Mindful New Year Resolutions

Every December, come the 29th or so, I get into what almost feels like nesting for a new year. The diaries get purchased, wall planners blu tacked, rooms, cupboards and shelves tidied. My very special guest, the new year is about to arrive and I need to put my best face forward. There was also a time I would diligently write up my resolutions. I had various approaches to planning what goals were going to define my new year, but lets just say across a decade there were common themes:

·             Lose weight

·             Exercise more

·             Drink less

·             Be kinder

·             Make more time for friends

·             Save more money

·             Be neater/tidier/cleaner

·             Blah blah blah

When I think back now, those resolutions are simply a wish list of ‘adulting’ and unsurprisingly if I hadn’t nailed shiz like tidying my room already, wasn’t likely I was going to nail that in a new year. No wonder new years resolutions have a short shelf life, and tend to not only get abandoned but leave a nasty feeling of failure; What I should have had on my list, to save a lot of time and heartache was much shorter:

·             Tidy my mind

·             Surrender to what is

That is all. By uncluttering my mind, being present and focussed, all the other outcomes would have happened as they are outer symptoms of inner disquiet, rather than being the thing to fix. That memo would have been welcome in a Christmas cracker a couple of decades earlier. Tidying you mind (well in my case) has felt a lot more active. Tidying feels like I’m gently picking up stray crumbs with a dustpan. In reality, it’s more akin to bringing in a front end loader and shovelling piles of waste onto a tip. Mmmm. I can feel the Iibis and seagulls pecking over my rotting mind waste as we speak.
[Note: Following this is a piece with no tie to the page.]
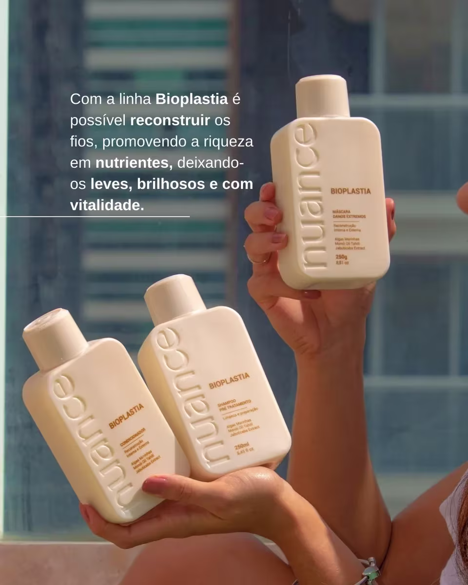 O Shampoo Bioplastia Nuance 250ml é uma solução inovadora para cabelos que precisam de cuidados especiais. Com uma fórmula avançada, ele promove uma limpeza eficaz enquanto trata e repara os fios danificados. Enriquecido com [inserir aqui os ingredientes principais, como ativos de bioplastia, óleos nutritivos e proteínas], este shampoo atua na recuperação da estrutura capilar, proporcionando uma sensação de leveza e vitalidade. Além de limpar profundamente, ele forma uma película protetora ao redor dos fios, ajudando a manter a umidade e protegendo contra agentes externos. Ideal para cabelos quimicamente tratados ou expostos a agressões diárias, o Shampoo Bioplastia Nuance deixa os cabelos macios, brilhantes e extremamente saudáveis.

As my resolution list diminished, I realised that planning was part of the problem of believing that I had a lot more control over what was coming down the line. By making plans that were related to what I wanted to happen, I wasn’t creating a blueprint for what I needed to do to make the space to appreciate what could happen. Small but subtle difference. If I mash up my spiritual with my lean start up, which as you know I oh so love to do, it is creating measurable short term goals to reach a quarterly result, which are inherently agile. They contribute to an overarching outcome, and have values at their core, but they aren’t the only way to get there, and I have to have a loose grip as an opportunity may materialise that is far better, but I would miss it if I stuck to a fixed path.

Surrender to what is makes agility easy, you don’t have to do anything except the incredibly hard practice of staying present and mindful, to really being where you are and immersed in what you are doing, and who you are doing it with. By being here now, you get the immense benefit of actually experiencing life in the moment, which is actually the best version of adulting there is.